- Genre: Erotic thriller
- Based on: Damage by Josephine Hart
- Screenplay by: Morgan Lloyd Malcolm; Benji Walters;
- Directed by: Glenn Leyburn; Lisa Barros D'Sa;
- Starring: Richard Armitage; Charlie Murphy; Indira Varma; Rish Shah; Sonera Angel; Anil Goutam; Pippa Bennett-Warner; Marion Bailey;
- Country of origin: United Kingdom;
- Original language: English
- No. of series: 1
- No. of episodes: 4

Production
- Executive producers: Matthew Read; Frith Triplady; Alison Jackson;
- Producer: Gina Carter
- Running time: 33–43 minutes
- Production companies: Gaumont UK; Moonage Productions;

Original release
- Network: Netflix
- Release: 13 April 2023

= Obsession (2023 TV series) =

British television series

 Obsession is a British erotic thriller television miniseries co-written by Morgan Lloyd Malcolm and Benji Walters, based on the novel Damage (1991) by Josephine Hart. The series stars Richard Armitage, Charlie Murphy, Indira Varma and Rish Shah. It was released on Netflix on 13 April 2023.

==Synopsis==
William (Richard Armitage) is a surgeon who begins an affair with his son Jay's (Rish Shah) fiancée Anna (Charlie Murphy). William soon becomes obsessed with Anna, which threatens his career and life.

==Cast==
- Richard Armitage as William Farrow
- Charlie Murphy as Anna Barton
- Indira Varma as Ingrid Farrow
- Rish Shah as Jay Farrow
- Sonera Angel as Sally Farrow
- Pippa Bennett-Warner as Peggy Graham
- Anil Goutam as Edward
- Marion Bailey as Elizabeth Barton

==Episodes==

| No. | Title | Directed by | Written by | Original release date |
|---|---|---|---|---|
| 1 | "Episode 1" | Glenn Leyburn & Lisa Barros D'Sa | Morgan Lloyd Malcolm | April 13, 2023 |
| 2 | "Episode 2" | Glenn Leyburn & Lisa Barros D'Sa | Morgan Lloyd Malcolm & Benji Walters | April 13, 2023 |
| 3 | "Episode 3" | Glenn Leyburn & Lisa Barros D'Sa | Morgan Lloyd Malcolm & Benji Walters | April 13, 2023 |
| 4 | "Episode 4" | Glenn Leyburn & Lisa Barros D'Sa | Morgan Lloyd Malcolm & Benji Walters | April 13, 2023 |

==Production==
The series is produced by Gaumont and Moonage Productions. Gina Carter is producer with Moonage’s Matthew Read and Frith Triplady, and Gaumont's Alison Jackson as executive producers. Armitage, Varma, Murphy and Shah were cast in spring 2022 when the production had the working title Damage.

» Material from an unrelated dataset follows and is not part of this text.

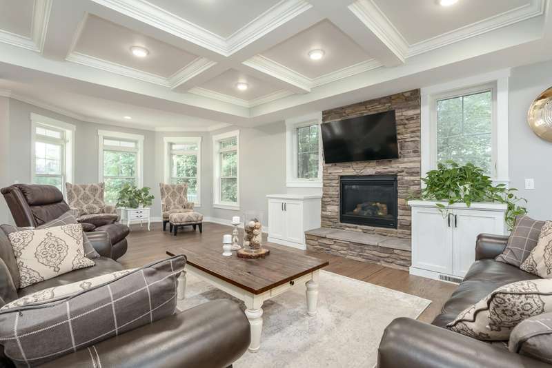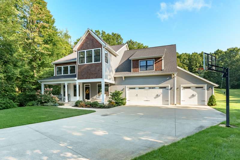 Welcome to a truly exceptional residence offering over 5,000 square feet of finished living space, set on a picturesque acre lot designed for privacy, comfort, and timeless appeal. This is not your typical cookie-cutter home - every detail has been thoughtfully crafted for style and distinction. Step inside to discover rich hardwood floors, elegant coffered ceilings, and architectural touches that set this home apart. The heart of the home is the stunning chef's kitchen, beautifully appointed with high-end finishes, custom cabinetry, and generous workspace - ideal for entertaining and everyday living. Each of the four spacious bedrooms features a private ensuite, providing both luxury and convenience for family and guests. The primary suite is a true sanctuary, with lavish proportions, in a spa-inspired bathroom. Unwind in the dedicated hot tub room, or enjoy the outdoors year-round from the covered front and back porches, ideal for morning coffee or evening gatherings. The home's exterior shake detailing adds warmth and curb appeal, further emphasizing its one-of-a-kind design. If you're seeking a refined, well-designed custom home with character and quality throughout, this property is a must-see.

It was co-written by Morgan Lloyd Malcolm and Benji Walters and based on the book Damage by Josephine Hart. The novel was adapted into the 1992 film Damage starring Juliette Binoche, Miranda Richardson and Jeremy Irons. Richardson's performance garnered her the BAFTA Award for Best Actress in a Supporting Role. Glenn Leyburn and Lisa Barros D'Sa were directors on the series. Filming locations included a set at Twickenham Film Studios.

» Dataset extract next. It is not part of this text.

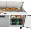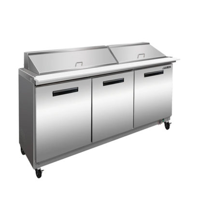 - Equipped with sanitary food grade quality 9″ cutting board, full set of divider bars and twenty-seven (27) 4″ deep pans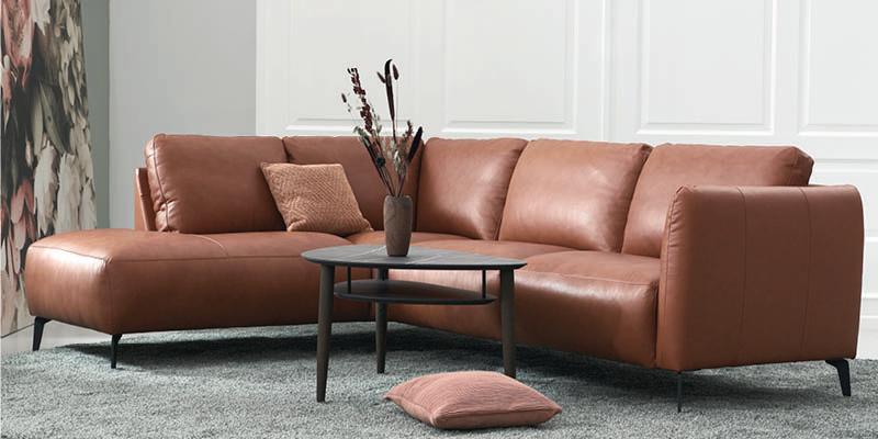 Sidst, men ikke mindst, slutter vi af med denne luksuriøse og cognac farvede sofa. Sofaen kan med sin mættede og varme jordfarve leve op til ønsket om det naturlige i hjemmet. Jordfarveskalaen består nemlig af afdæmpede og blide nuancer, som kan findes i naturen omkring os.

The four-part series has been described as an ‘erotic thriller’. Discussing the sex scenes within the project Lloyd Malcolm told Zoe Williams of The Guardian that “The book is so particular about the kind of sex they’re having and the way they do it and how that feeds into their relationship.” She added that “it has to be quite a vanilla version of kink, because it’s mainstream TV” but it “was really important to me to not be saying anything like: ‘BDSM sex is bad sex,’”

==Broadcast==
The series began streaming on Netflix on Thursday April 13, 2023.

==Reception==
The series was met with negative reviews from TV critics and audiences.